# Your goal:
Would you please output all the records exactly as given? Pictures should not appear in the copy.

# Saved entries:
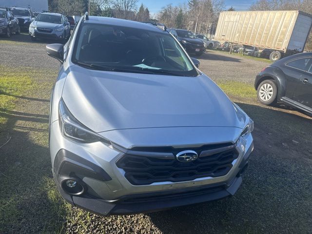 This 2024 Ice Silver Metallic Subaru Crosstrek Limited AWD is well equipped and includes these features and benefits: Crosstrek Mirror Package (Auto-Dimming Exterior Mirror w/Approach Light and Auto-Dimming Mirror w/Compass & HomeLink), Standard Model, 3.70 Axle Ratio, 4-Wheel Disc Brakes, 6 Speakers, ABS brakes, Air Conditioning, All-Weather Floor Liners (DISC), Alloy wheels, AM/FM radio: SiriusXM, Anti-whiplash front head restraints, Auto High-beam Headlights, Automatic temperature control, Brake assist, Bumpers: body-color, Driver door bin, Driver vanity mirror, Dual front impact airbags, Dual front side impact airbags, Electronic Stability Control, Emergency communication system: STARLINK Safety and Security (Subscription Required), Exterior Parking Camera Rear, Four wheel independent suspension, Front anti-roll bar, Front Bucket Seats, Front Center Armrest, Front dual zone A/C, Front fog lights, Front reading lights, Fully automatic headlights, Heated door mirrors, Heated Front Bucket Seats, Heated front seats, Illuminated entry, Knee airbag, Leather Shift Knob, Leather-Trimmed Upholstery, Low tire pressure warning, Occupant sensing airbag, Outside temperature display, Overhead airbag, Overhead console, Panic alarm, Passenger door bin, Passenger vanity mirror, Power door mirrors, Power driver seat, Power steering, Power windows, Radio data system, Radio: Subaru STARLINK 11.6" Multimedia Plus Sys, Rear anti-roll bar, Rear Bumper Cover, Rear seat center armrest, Rear window defroster, Rear window wiper, Remote keyless entry, Security system, Speed control, Speed-sensing steering, Split folding rear seat, Spoiler, STARLINK/Apple CarPlay/Android Auto, Steering wheel mounted audio controls, Tachometer, Telescoping steering wheel, Tilt steering wheel, Traction control, Trip computer, Turn signal indicator mirrors, Variably intermittent wipers, and Wheels: 18" x 7.0J Dark Gray Aluminum Alloy.
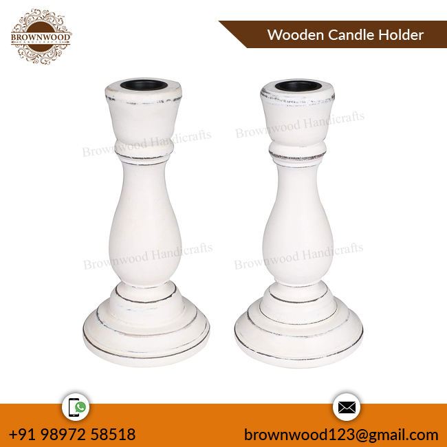 Candelabros hechos a mano de madera de mango macizo de Color antiguo blanco, Juego de 2, última llegada, superventas para decoración de bodas y cumpleaños
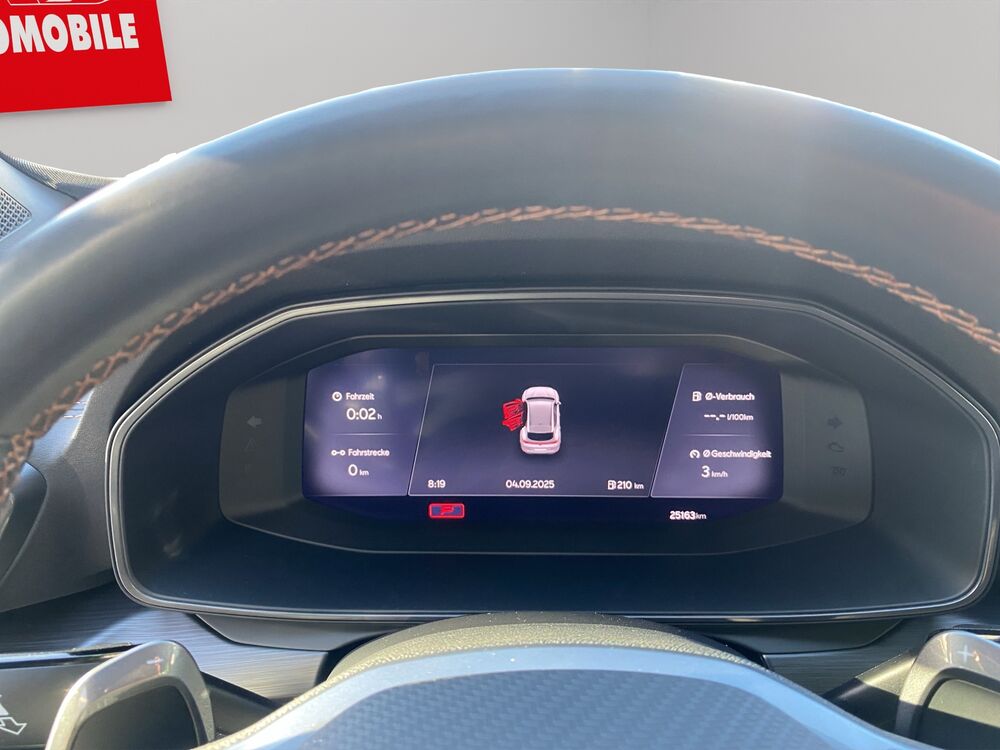 6 Lautsprecher, Ablagetasche an Vordersitzlehnen, Doppeltonhorn, Einstiegsleisten (Aluminium) vorn, beleuchtet, Fensterzierleisten schwarz hochglänzend, Gepäckraumabdeckung / Rollo, Laderaumboden variabel und herausnehmbar, Lendenwirbelstütze Sitz vorn links, verstellbar, Lendenwirbelstütze Sitz vorn rechts, verstellbar, Leseleuchten hinten LED, Leseleuchten vorn LED, Leuchtweitenregelung automatisch, Länder-AV Österreich, Mittelarmlehne hinten, Mittelkonsole vorn mit Mittelarmlehne, Becherhalter, Ablagebox und Luftausströmer hinten, Mobile Online Dienste Cupra Connect, Parkbremse elektrisch, Radstand 2680 mm, Reifen-Reparaturset, Schadstoffarm nach Abgasnorm Euro 6d, Sicherheitsgurte vorn höhenverstellbar, Sitz vorn rechts höhenverstellbar, Sitzbezug / Polsterung: Stoff, Sonnenblende links mit Spiegel (beleuchtet), Sonnenblende rechts mit Spiegel (beleuchtet), Steckdose (12V-Anschluß) vorn, Warnanlage für Sicherheitsgurt-System, Anhängerkupplung Vorbereitung, Dachhimmel schwarz, Fahrassistenz-Paket XL, Fahrassistenz-Paket: Stau- und Notfallassistent, Fahrassistenz-Paket: Travel Assist, Fahrassistenz-System: Pre-Crash-System, Induktionsladeschale für SmartphoneFahrzeugbeschreibung
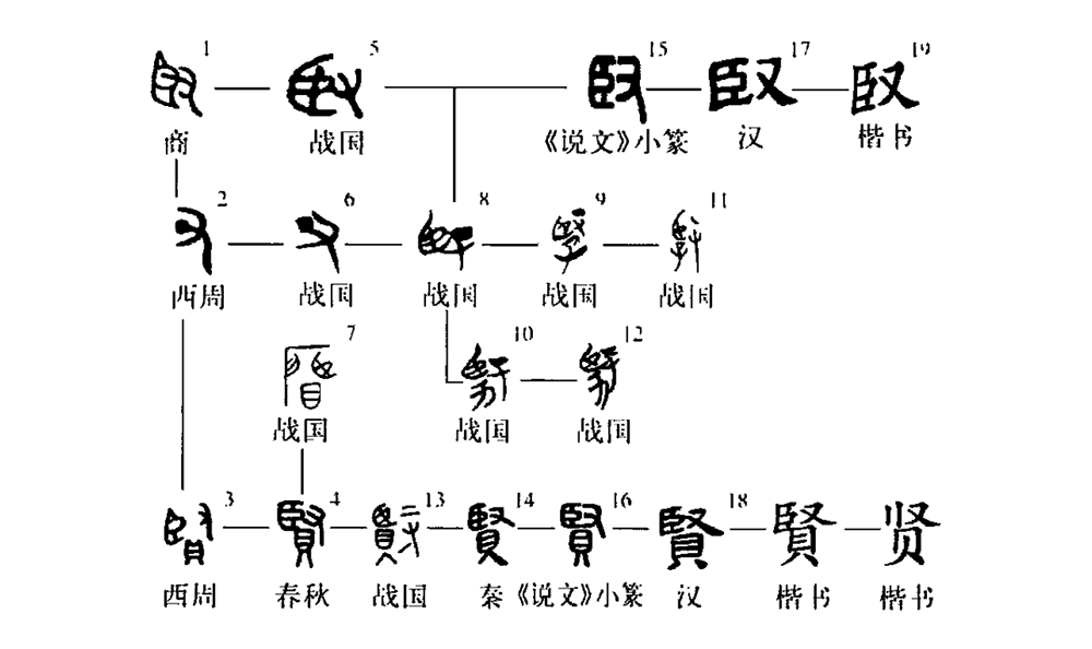 ”“賢”始見于西周金文(字形3),是在假借字上加注意符造出的分化字。國有賢人,猶家之有財,故“賢”字從“貝”。戰(zhàn)國文字或從“賢”省、從“戶”(字形7),寓家有賢人之意;或從“子”(字形9、11),有尊賢之意;或從“力”(字形10、12),取賢者多力之意。在宋元以來的一些小說戲曲刻本中,“臤”旁多簡作“
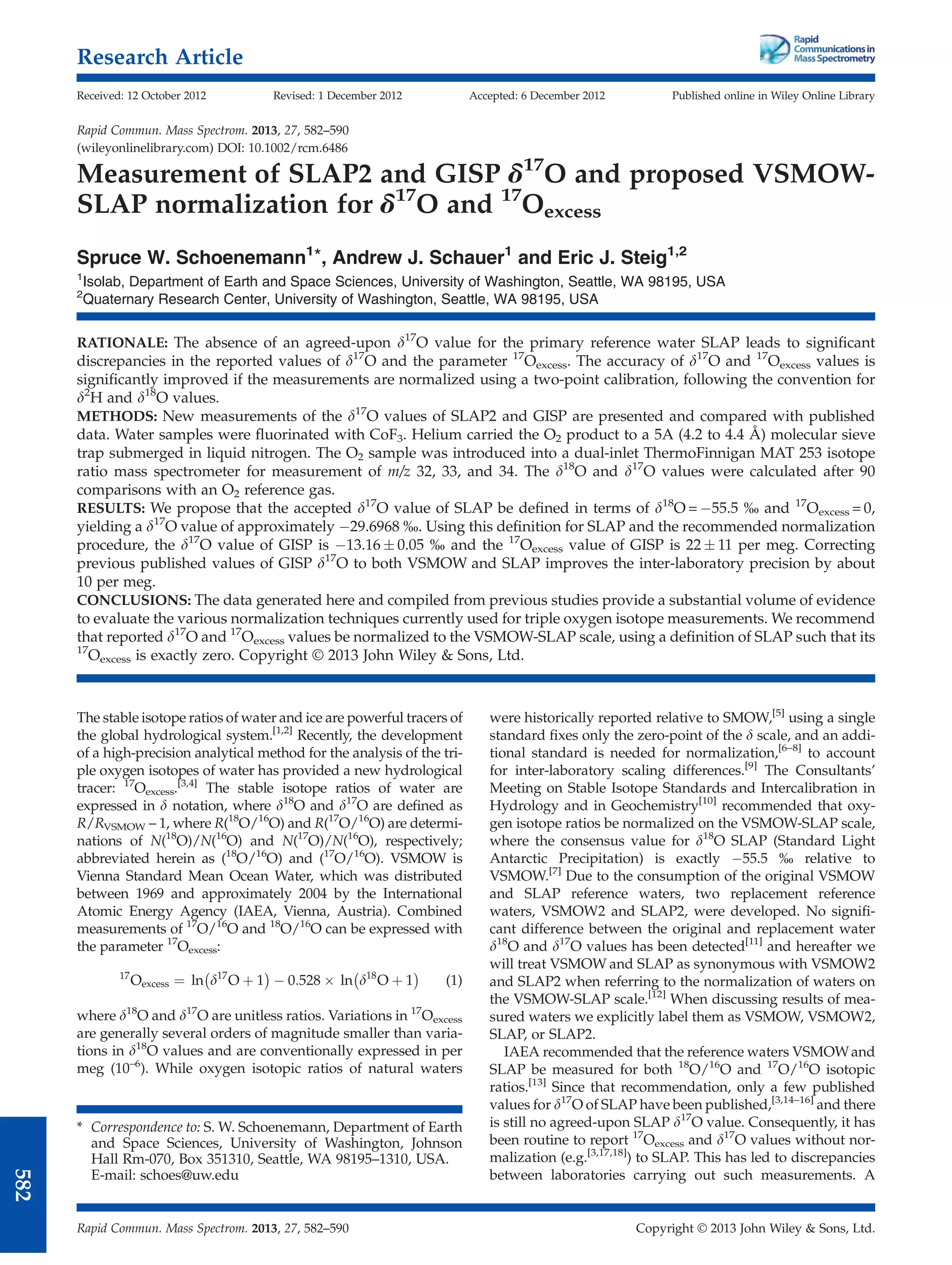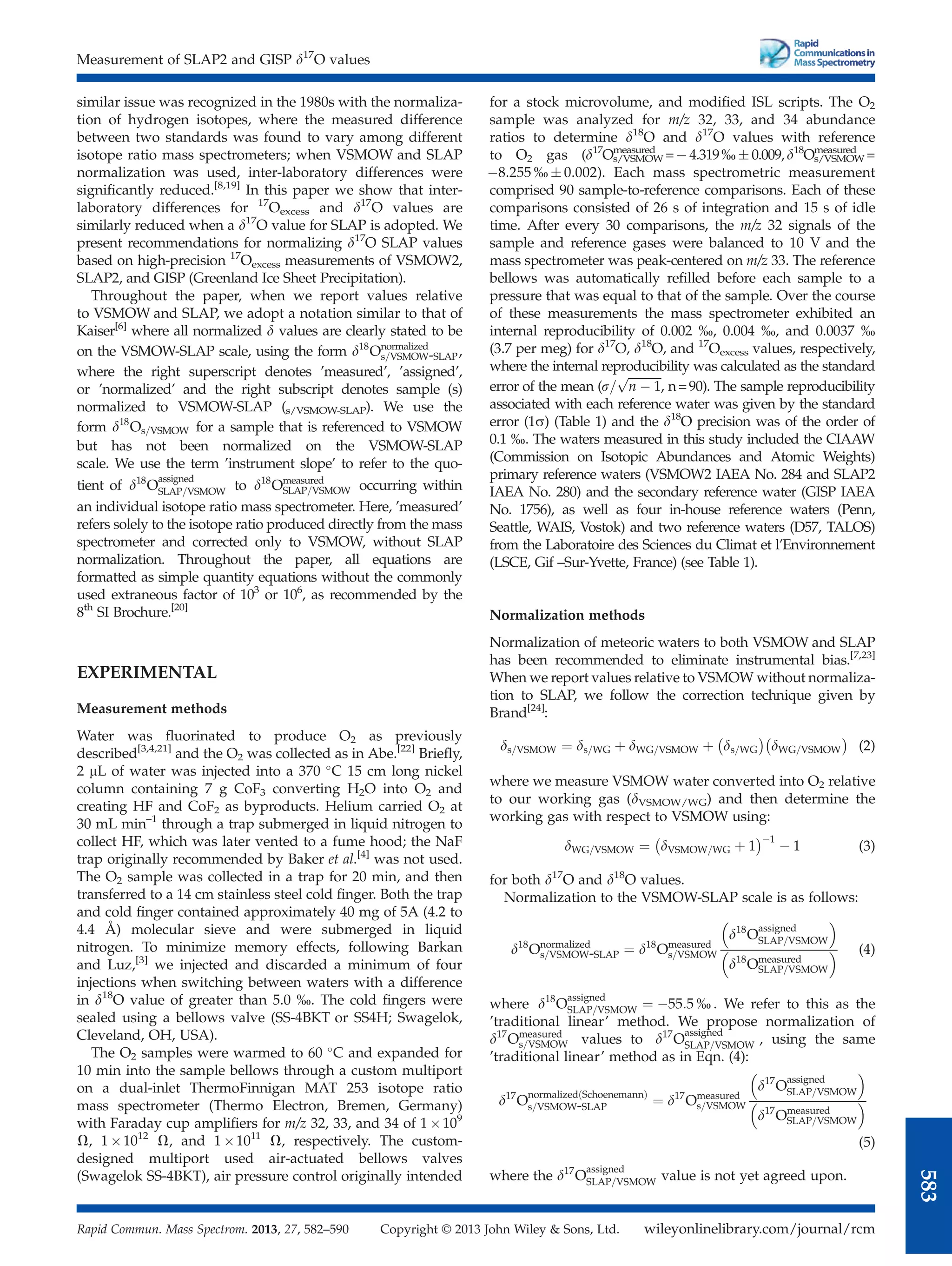 The document presents new measurements of the δ17O values of SLAP2 and GISP ice core water samples. It aims to establish a standardized δ17O value for SLAP to improve normalization and reduce discrepancies in reported δ17O and 17Oexcess values between laboratories. The authors measured the samples on a mass spectrometer and recommend defining SLAP to have δ18O = -55.5‰ and 17Oexcess = 0, yielding an approximate δ17O value of -29.6968‰. Using this normalization, their measured values of GISP were δ17O = -13.16 ± 0.05‰ and 17Oexcess = 22 ± 11 per meg. They conclude

# Task result:
 This 2024 Ice Silver Metallic Subaru Crosstrek Limited AWD is well equipped and includes these features and benefits: Crosstrek Mirror Package (Auto-Dimming Exterior Mirror w/Approach Light and Auto-Dimming Mirror w/Compass & HomeLink), Standard Model, 3.70 Axle Ratio, 4-Wheel Disc Brakes, 6 Speakers, ABS brakes, Air Conditioning, All-Weather Floor Liners (DISC), Alloy wheels, AM/FM radio: SiriusXM, Anti-whiplash front head restraints, Auto High-beam Headlights, Automatic temperature control, Brake assist, Bumpers: body-color, Driver door bin, Driver vanity mirror, Dual front impact airbags, Dual front side impact airbags, Electronic Stability Control, Emergency communication system: STARLINK Safety and Security (Subscription Required), Exterior Parking Camera Rear, Four wheel independent suspension, Front anti-roll bar, Front Bucket Seats, Front Center Armrest, Front dual zone A/C, Front fog lights, Front reading lights, Fully automatic headlights, Heated door mirrors, Heated Front Bucket Seats, Heated front seats, Illuminated entry, Knee airbag, Leather Shift Knob, Leather-Trimmed Upholstery, Low tire pressure warning, Occupant sensing airbag, Outside temperature display, Overhead airbag, Overhead console, Panic alarm, Passenger door bin, Passenger vanity mirror, Power door mirrors, Power driver seat, Power steering, Power windows, Radio data system, Radio: Subaru STARLINK 11.6" Multimedia Plus Sys, Rear anti-roll bar, Rear Bumper Cover, Rear seat center armrest, Rear window defroster, Rear window wiper, Remote keyless entry, Security system, Speed control, Speed-sensing steering, Split folding rear seat, Spoiler, STARLINK/Apple CarPlay/Android Auto, Steering wheel mounted audio controls, Tachometer, Telescoping steering wheel, Tilt steering wheel, Traction control, Trip computer, Turn signal indicator mirrors, Variably intermittent wipers, and Wheels: 18" x 7.0J Dark Gray Aluminum Alloy.
 Candelabros hechos a mano de madera de mango macizo de Color antiguo blanco, Juego de 2, última llegada, superventas para decoración de bodas y cumpleaños
 6 Lautsprecher, Ablagetasche an Vordersitzlehnen, Doppeltonhorn, Einstiegsleisten (Aluminium) vorn, beleuchtet, Fensterzierleisten schwarz hochglänzend, Gepäckraumabdeckung / Rollo, Laderaumboden variabel und herausnehmbar, Lendenwirbelstütze Sitz vorn links, verstellbar, Lendenwirbelstütze Sitz vorn rechts, verstellbar, Leseleuchten hinten LED, Leseleuchten vorn LED, Leuchtweitenregelung automatisch, Länder-AV Österreich, Mittelarmlehne hinten, Mittelkonsole vorn mit Mittelarmlehne, Becherhalter, Ablagebox und Luftausströmer hinten, Mobile Online Dienste Cupra Connect, Parkbremse elektrisch, Radstand 2680 mm, Reifen-Reparaturset, Schadstoffarm nach Abgasnorm Euro 6d, Sicherheitsgurte vorn höhenverstellbar, Sitz vorn rechts höhenverstellbar, Sitzbezug / Polsterung: Stoff, Sonnenblende links mit Spiegel (beleuchtet), Sonnenblende rechts mit Spiegel (beleuchtet), Steckdose (12V-Anschluß) vorn, Warnanlage für Sicherheitsgurt-System, Anhängerkupplung Vorbereitung, Dachhimmel schwarz, Fahrassistenz-Paket XL, Fahrassistenz-Paket: Stau- und Notfallassistent, Fahrassistenz-Paket: Travel Assist, Fahrassistenz-System: Pre-Crash-System, Induktionsladeschale für SmartphoneFahrzeugbeschreibung
 ”“賢”始見于西周金文(字形3),是在假借字上加注意符造出的分化字。國有賢人,猶家之有財,故“賢”字從“貝”。戰(zhàn)國文字或從“賢”省、從“戶”(字形7),寓家有賢人之意;或從“子”(字形9、11),有尊賢之意;或從“力”(字形10、12),取賢者多力之意。在宋元以來的一些小說戲曲刻本中,“臤”旁多簡作“
 The document presents new measurements of the δ17O values of SLAP2 and GISP ice core water samples. It aims to establish a standardized δ17O value for SLAP to improve normalization and reduce discrepancies in reported δ17O and 17Oexcess values between laboratories. The authors measured the samples on a mass spectrometer and recommend defining SLAP to have δ18O = -55.5‰ and 17Oexcess = 0, yielding an approximate δ17O value of -29.6968‰. Using this normalization, their measured values of GISP were δ17O = -13.16 ± 0.05‰ and 17Oexcess = 22 ± 11 per meg. They conclude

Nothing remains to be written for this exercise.